Hitch,
First, this is obviously output from Sigil -- and at that, it's fairly doable with regex.
You've basically got useless, undifferentiable <span> tags marking spaces and hyphens. I ran the following in my text editor:
Code:
- REMOVE <p class="MsoNormal sgc-\d+"><span class="sgc-\d+">\d+(\ \;)*<span class="sgc-\d+">SALLY WRIGHT</span></span></p>
- REMOVE SPACEclass="MsoNormal sgc-\d+"
- REMOVE </i><i>
- REPLACE </span><span class="sgc-\d+">ing WITH ing
- REPLACE </span><span class="sgc-\d+"> WITH SPACE
- REMOVE <span class="sgc-\d+">
- REMOVE </span>
in the order listed.
(SPACE is a single blank space. REMOVE means replace with nothing.)
I was left with one error (
Cum berland) that was found by spell-check.

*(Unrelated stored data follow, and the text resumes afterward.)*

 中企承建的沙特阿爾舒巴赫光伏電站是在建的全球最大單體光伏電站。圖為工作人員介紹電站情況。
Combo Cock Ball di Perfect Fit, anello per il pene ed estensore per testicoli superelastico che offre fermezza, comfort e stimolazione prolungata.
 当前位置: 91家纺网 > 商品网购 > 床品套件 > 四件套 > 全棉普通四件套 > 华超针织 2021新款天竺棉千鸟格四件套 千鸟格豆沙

Now, that's particular to this text. If your others are markedly similiar, it could work. Worst cases can be found via spell check, and extra spaces can be easily fixed via regex (s: \s\s+ r:\s )
Write all this regex as a macro, and it will take one click to fix an entire book.

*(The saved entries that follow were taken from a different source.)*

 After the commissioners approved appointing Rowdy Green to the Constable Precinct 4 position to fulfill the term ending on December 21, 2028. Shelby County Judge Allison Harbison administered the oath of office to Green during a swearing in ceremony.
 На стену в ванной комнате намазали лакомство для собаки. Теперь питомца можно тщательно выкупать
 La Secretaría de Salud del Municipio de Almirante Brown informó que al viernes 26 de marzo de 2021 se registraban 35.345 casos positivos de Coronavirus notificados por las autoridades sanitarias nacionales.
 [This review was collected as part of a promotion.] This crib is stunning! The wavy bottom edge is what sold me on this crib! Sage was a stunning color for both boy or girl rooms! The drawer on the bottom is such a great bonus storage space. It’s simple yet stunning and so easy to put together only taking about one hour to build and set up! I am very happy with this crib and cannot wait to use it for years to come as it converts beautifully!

One that I would worry about would be the SALLY WRIGHT header/footer -- is it consistent enough? Is there a pattern to the inconsistency?

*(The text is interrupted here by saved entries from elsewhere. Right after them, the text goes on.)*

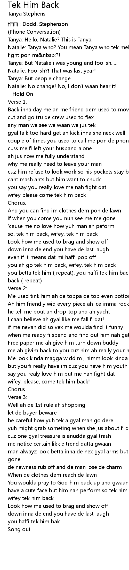 | you betta tek him ( repeat), you haffi tek him back (repeat), you betta tek him back ( repeat) | |
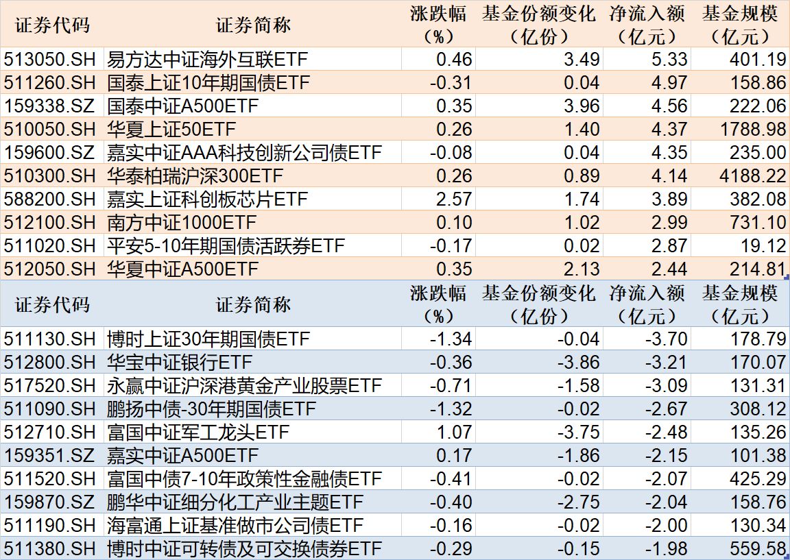 與此同時(shí),博時(shí)上證30年期國(guó)債ETF份額減少0.04億份,對(duì)應(yīng)凈流出3.7億元;華寶中證銀行ETF份額減少3.86億份,錄得凈流出3.21億元;永贏中證滬深港黃金產(chǎn)業(yè)股票ETF份額減少1.58億份,出現(xiàn)凈流出3.09億元。
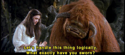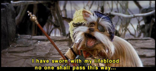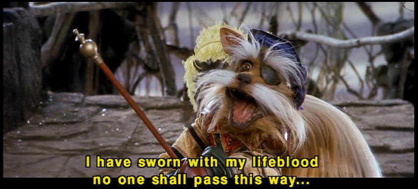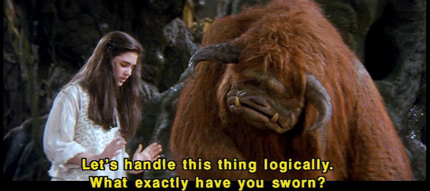 [Sir Didymus] I have taken an oath, and I must defend it to the death. [Ludo] The smell! [Sarah] Okay. [Sarah] Let's handle this thing logically. What exactly have you sworn? [Sir Didymus] I have sworn with my lifeblood no one shall pass this way ... [Sir Didymus] without my permission. [Sarah] Well, may we have your permission? [Sir Didymus] Well, I -- |

Also, are there other identifiable prefices/suffices like
ing that are recognizable?
If you're getting different, dissimilar results in every book, then I'd suggest posting a section of the actual Word or Writer HTML, as there may be loss of better identifiable patterns in translation to Sigil.
Also, Jon may have suggested a good answer; there is recently a Book Designer HTML0 to Sigil pre-processor script here in the forums that's supposed to improve importation.
cap